1. Import the dataset into a Pandas DataFrame and do feature engineering.
(a) Print the number of instances/samples in the DataFrame.
(b) Print the total number of features in the DataFrame.
(c) Print the total number of missing instances in the DataFrame.
(d) Perform feature engineering to convert the Date/Time into other categorical features
(e.g., year, month, day) and numerical value of time. See ‘import datetime’.

In [None]:
import pandas as pd
df = pd.read_csv('WindDataset.csv')

In [None]:
print("1b. Number of Samples: ",len(df))
print("1c. Number of Features: ", len(df.columns))
print("1d. Number of Missing Instances: ", df.isna().sum().sum())

# Dropped the missing values
df = df.dropna()
df = df[pd.to_numeric(df['MeasuredPower']) >= 0]

In [None]:
print("1d. Converted DateTime into other categorical features:")
df["DateTime"] = pd.to_datetime(df["DateTime"])
df['Year'] = df['DateTime'].dt.year
df['Month'] = df['DateTime'].dt.month
df['Day'] = df['DateTime'].dt.day
df['Hour'] = df['DateTime'].dt.hour
df['Minute'] = df['DateTime'].dt.minute
df['Second'] = df['DateTime'].dt.second
print(df.head(5))

In [None]:
import seaborn as sns
print("2. Pair Plot of Data:")
print("The pairplot helps to visualize how feature 1 and feature 2 are related to one another. \n For example Measured Power and Wind Speed shows a graph that at a certain wind speed, the measure power does not get any larger")
sns.pairplot(df)

In [None]:
import matplotlib.pyplot as plt
import seaborn as sns
corr = df.corr()
sns.heatmap(corr, annot=True, cmap='coolwarm')
plt.title('Heatmap of Feature Correlations')
plt.show()
print("The heatmap shows linear correlations between 2 features. While month and measured power don't look correlated, they can still be since it only shows linearly correlated features. As expected, wind speed and measure power have a high correlation")

In [None]:
sns.boxplot(x='Month', y='MeasuredPower', data=df)
plt.title("Boxplot of Monthly Power Distribution")
plt.show()
print("This boxplot shows the non linear correlation between the month and measured power. From the graph you can see that the first half, the measure power goes down, and then around July it starts increasing again. This could happen for many reasons such as change in wind patterns or temperature.")

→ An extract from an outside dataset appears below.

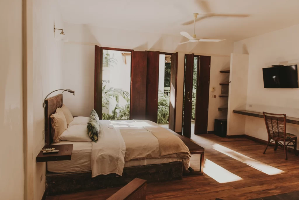 Escápese a un remanso donde el tiempo se detiene y el confort florece. Nuestras suites dobles con camas king le invitan a sumergirse en una atmósfera única, donde la elegancia moderna se entrelaza con el alma histórica de nuestra casa colonial. Despierte cada mañana en un espacio bañado por la luz natural que se filtra a través de amplios ventanales, prometiendo un nuevo día de encanto.

3. Is there any difference between the months for average power production? Which month has
the highest average power production, and which has the lowest? (Hint: Pandas can group by
columns and report means. See pandas.DataFrame.group_by or pandas.DataFrame.pivot_table)

In [None]:
print("Based on the boxplot from question 2, you can see that there is a difference between the month and its average power production.")
print("It is very close but March has the highest average power production while ")

In [None]:
print("4: Features Pearson Correlation")
corr = df.corr(method='pearson')
print(corr)
print("Since Pearson Correlation measures the linear relation between the two features in the grid,")
print("we can see that features like MeasuredPower, WindSpeed, and TheoreticalPower are positively linearly")
print("correlated, as can be seen by their Pearson Correlation values being close to one.")
print("All other features aren't very linearly correlated with any of the others, as the magnitude of their correlation values are less than 0.1")

In [None]:
print("5: Maximum Wind Speed")
max_wind_speed = df['WindSpeed'].max()
max_wind_speed_direction = df.loc[df['WindSpeed'] == max_wind_speed, 'WindDirection'].values[0]
print("The maximum wind speed is",max_wind_speed)
print("The direction of the wind that resulted in the maximum wind speed is",max_wind_speed_direction,"degrees")

In [None]:
print("6: Minimum Wind Speed")
min_wind_speed = df['WindSpeed'].min()
min_wind_speed_year = df.loc[df['WindSpeed'] == min_wind_speed, 'Year'].values[0]
min_wind_speed_month = df.loc[df['WindSpeed'] == min_wind_speed, 'Month'].values[0]
min_wind_speed_day = df.loc[df['WindSpeed'] == min_wind_speed, 'Day'].values[0]
min_wind_speed_hour = df.loc[df['WindSpeed'] == min_wind_speed, 'Hour'].values[0]
min_wind_speed_minute = df.loc[df['WindSpeed'] == min_wind_speed, 'Minute'].values[0]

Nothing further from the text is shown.